각 Fold별 train/valid loss 그래프를 그려본다. (특정 fold에서 학습의 문제가 있었나 확인해보기 위해)

In [None]:
plt.figure(figsize=(25, 5))
for fold in range(fold_count):
    y_train, y_valid = train_losses_by_fold[fold], valid_losses_by_fold[fold]
    if len(y_train) < 1: continue
    plt.subplot(1, fold_count, fold + 1)
    plt.plot(y_train, label="train loss")
    plt.plot(y_valid, label="valid loss")
    plt.title(f'Loss (fold={fold})')
    plt.xlabel("epoch")
    plt.ylim(top=min(10, max(y_train + y_valid) + 0.1), bottom=-0.01)
    plt.axvline(best[0], color='red')
    plt.legend()
plt.show()

In [None]:
def get_accuracy(model, loader):
    model.to(device)
    model.eval()
    with torch.no_grad():
        acc = 0
        once = False
        for images, labels in tqdm(loader):
            outputs = model(images.to(device))
            _, pred = torch.max(outputs.data, 1)
            acc += torch.sum(pred.to(device) == labels.to(device)).to('cpu')
            if once == False:
                print(outputs.data)
                print(pred)
                print(labels)
                print(pred.to(device) == labels.to(device))
                once = True
        return acc / len(loader.dataset)


# model = MLPModel()
model = torchvision.models.vgg16_bn(pretrained=True)
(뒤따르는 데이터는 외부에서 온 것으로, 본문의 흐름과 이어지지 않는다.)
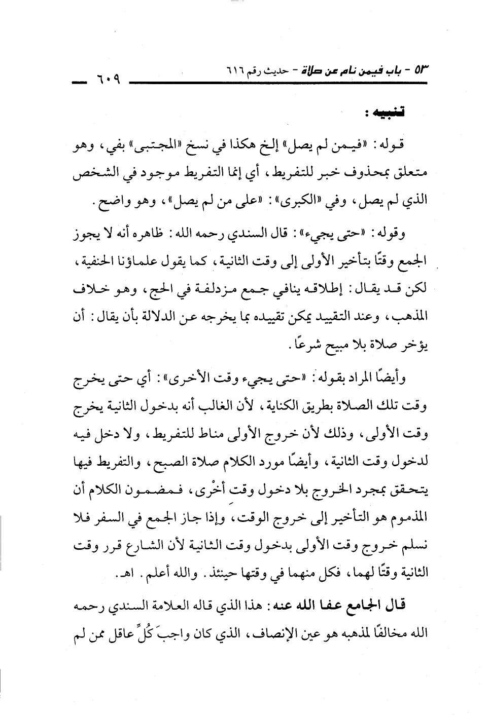 وأيضًا المراد بقوله: "حتى يجيء وقت الأخرى": أي حتى يخرج وقت تلك الصلاة بطريق الكناية، لأن الغالب أنه بدخول الثانية يخرج وقت الأولى، وذلك لأن خروج الأولى مناط للتفريط، ولا دخل فيه لدخول وقت الثانية، وأيضًا مورد الكلام صلاة الصبح، والتفريط فيها يتحقق بمجرد الخروج بلا دخول وقتِ أخْرى، فمضمون الكلام أن المذموم هو التأخير إلى خروج الوقت، وإذا جاز الجمع في السفر فلا نسلم خروج وقت الأولى بدخول وقت الثانية لأن الشارع قرر وقت الثانية وقتًا لهما، فكل منهما في وقتها حينئذ. والله أعلم. اهـ.

# VGG 네트워크로 저장한 것이 아니기 때문에, 같은 구조로 맞춘 후 읽어야한다.
model = nn.Sequential(collections.OrderedDict([
    ('net', model),
    ('classifier', my_classifier)
]))
model.load_state_dict(torch.load(SAVE_BEST_PATH), strict=False)

# epoch 도중에 사용한 이름과 겹쳐서, 다시 재정의한다.
train_loader = torch.utils.data.DataLoader(train_set, batch_size=64, shuffle=True)
test_loader = torch.utils.data.DataLoader(test_set, batch_size=16, shuffle=False)

# Get accuracy
train_acc = get_accuracy(model, train_loader)
print('train accuracy:', '{:.5f} %'.format(train_acc * 100))

test_acc = get_accuracy(model, test_loader)
print(' test accuracy:', '{:.5f} %'.format(test_acc * 100))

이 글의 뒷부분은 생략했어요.